SCJC considers paper on making Scotland a seat of commercial dispute resolution



The Scottish Civil Justice Council (SCJC) has considered a paper produced by member Brandon Malone in relation to improving Scotland’s offering as a seat of commercial dispute resolution, its latest newsletter reveals.

Mr Malone told Scottish Legal News that “Scotland is already a very good venue for this kind of work”, but that “there is more that we could do”.

“The proposition is that our civil justice system, including the courts and alternative dispute resolution methods like arbitration and mediation, can and should generate a benefit for the economy.

“That benefit arises directly through income generated by lawyers, and those that service the legal profession, but also incidentally by giving businesses confidence that disputes in Scotland will be dealt with commercially and effectively, and that Scotland is therefore a good place to do business.”
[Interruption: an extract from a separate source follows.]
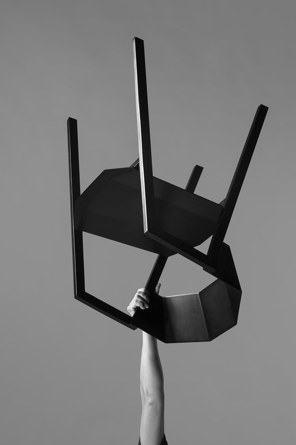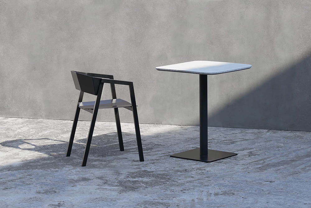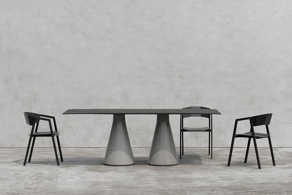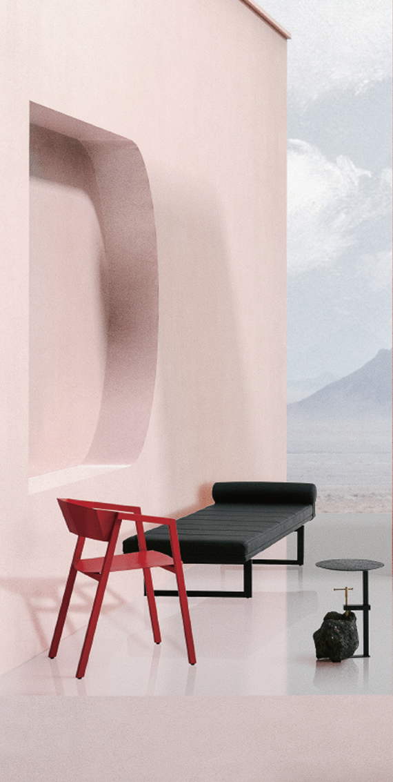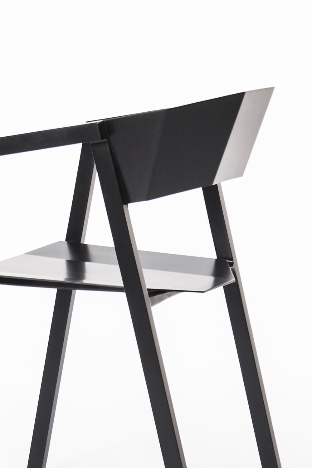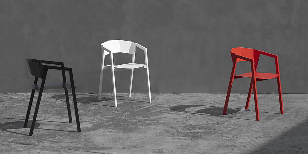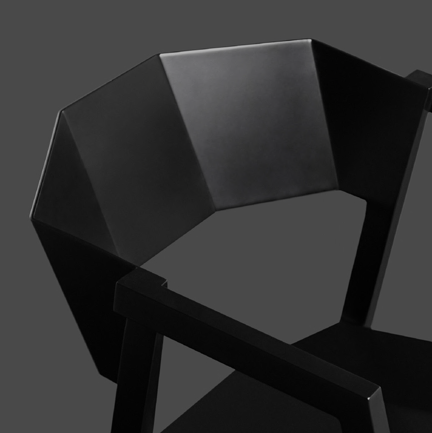 used, and sharp lines are used to create an aggressive vision and shape, which is different from the inherent gentle posture of wooden chairs. The bent metal plate

It is this strategy that has led to London and Singapore becoming arbitration centres.

Mr Malone added: “The object of the changes would be to optimise the system so as to retain and enjoy the benefit of the dispute work generated by our own economy (much of which goes elsewhere at the moment), and to attract work from international parties that do not otherwise have a connection to Scotland.”

The paper contains a range of proposals, some of which are “simple rule changes”, and some of which are “fairly radical”.

More information will be available following discussion of the proposals by the SCJC at a future meeting.